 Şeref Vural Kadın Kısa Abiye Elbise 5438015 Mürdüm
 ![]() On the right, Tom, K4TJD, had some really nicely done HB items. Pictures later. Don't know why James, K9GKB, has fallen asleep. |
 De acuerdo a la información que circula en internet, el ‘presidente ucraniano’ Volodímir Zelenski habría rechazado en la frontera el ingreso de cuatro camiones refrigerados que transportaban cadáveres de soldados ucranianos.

...

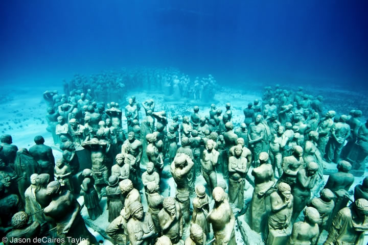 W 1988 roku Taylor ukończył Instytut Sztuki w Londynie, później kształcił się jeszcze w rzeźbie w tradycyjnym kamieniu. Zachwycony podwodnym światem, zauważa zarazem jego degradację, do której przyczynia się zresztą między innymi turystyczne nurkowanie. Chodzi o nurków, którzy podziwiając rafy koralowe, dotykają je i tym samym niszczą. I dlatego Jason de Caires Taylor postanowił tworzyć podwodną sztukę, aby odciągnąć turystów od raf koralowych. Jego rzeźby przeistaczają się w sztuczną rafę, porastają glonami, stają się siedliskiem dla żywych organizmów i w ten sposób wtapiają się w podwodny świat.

*Requirement*: Print exactly the lines above from the one with "Şeref Vural Kadın" to the one with "De acuerdo a", including both.

*Task answer*:
 Şeref Vural Kadın Kısa Abiye Elbise 5438015 Mürdüm
 ![]() On the right, Tom, K4TJD, had some really nicely done HB items. Pictures later. Don't know why James, K9GKB, has fallen asleep. |
 De acuerdo a la información que circula en internet, el ‘presidente ucraniano’ Volodímir Zelenski habría rechazado en la frontera el ingreso de cuatro camiones refrigerados que transportaban cadáveres de soldados ucranianos.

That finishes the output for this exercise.